WASHINGTON — The new director of the National Security Agency on Tuesday acknowledged that the agency uses facial-recognition tools but said the intent is primarily to identify terrorists and help prevent attacks — adding that such technologies are not broadly directed against Americans.

“We do not do this on some unilateral basis against U.S. citizens,” said Adm. Michael Rogers, in some of his first public remarks since taking the helm of the embattled spy agency two months ago.

A year after the first leaks emerged about the scope of NSA surveillance programs, Rogers is seeking to reframe the public debate that has damaged the reputation and morale of the NSA, saying the public needs to understand not just what the organization does but also why it does it and under what limits.

Speaking at a Bloomberg cybersecurity conference, Rogers said the agency does not have access to drivers’ licenses or passport photo databases to search for Americans. The New York Times reported Sunday that the agency harvests about 55,000 “facial recognition quality images” on a daily basis as part of its global surveillance operations.

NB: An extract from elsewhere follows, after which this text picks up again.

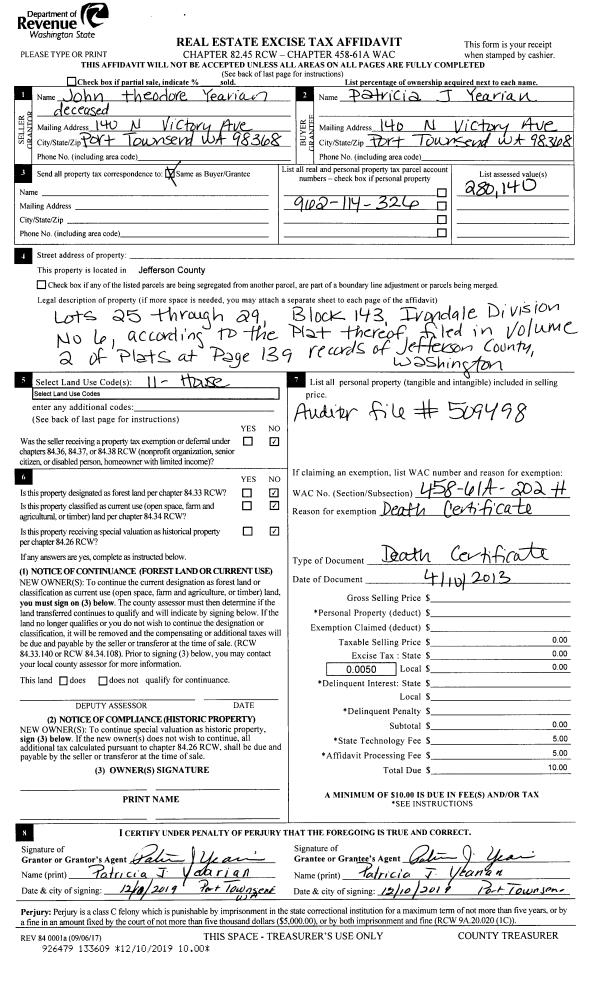 | 1 | 1330-1525F | Meidum/High Bank Wtrfrt on Dabob Bay | 0.0000 | 0.00 | 0.00 | 0.00 | 0.00 | $149,500 | $0 |

“Our mission at the NSA is very explicit — foreign intelligence and [cybersecurity],” he said. “If we do anything against U.S. persons, we have specific legal constraints that we must apply. We just don’t unilaterally decide, ‘Hey, today I’m going after Citizen X, Y and Z.’ “

Leaks by former NSA contractor Edward Snowden have revealed, for instance, that the agency has been collecting and recording an entire foreign nation’s phone calls and has tracked large numbers of cellphone locations overseas for foreign intelligence purposes.

Rogers argued that the public has not focused on the protections afforded Americans in its collection efforts. “If we come to a realization that someone we’re tracking has a U.S. connection that we were unaware of, in broad terms, we have to stop what we’re doing,” he said. “If we think there’s a legal basis to this, then we have to get a legal authority or justification” to continue.

But he did not address what happens with the communications of Americans who are not targeted but whose data is swept up anyway, either because they are in contact with a target or because of the way data is collected. How much of that data is being collected today, how often that data is searched for Americans’ communications, and how strong the protections ought to be are still matters of debate.

This is particularly an issue in an era in which digital communications zip around the globe, defying the distinctions created by a privacy system that places greater restrictions on data intercepted on U.S. soil.

Rogers also sought to broaden public concern beyond what the spy agency is doing to the vast amounts of digital data being collected through other means or by private companies — “whether it’s the cameras out on the street or every one of your personal digital devices constantly asking you, ‘Can I share where you are?’ “

He added: “We have framed this debate way too narrow, from my perspective. This is much bigger than the National Security Agency.”

Rogers did not, however, discuss the deeper questions of why it is in the nation’s interest for the agency to collect such large amounts of digital data and whether pervasive surveillance will diminish user trust in the Internet.

Asked his opinion of Snowden, who was recently interviewed by NBC News, Rogers said he seemed to be “an intelligent individual, articulate.” But, he added: “He seemed fairly arrogant … I fundamentally disagree with what he did.”

Asked whether he thought that Snowden, who is in Russia under temporary asylum, could be a double agent, Rogers said: “Probably not.” But, he added, an investigation continues.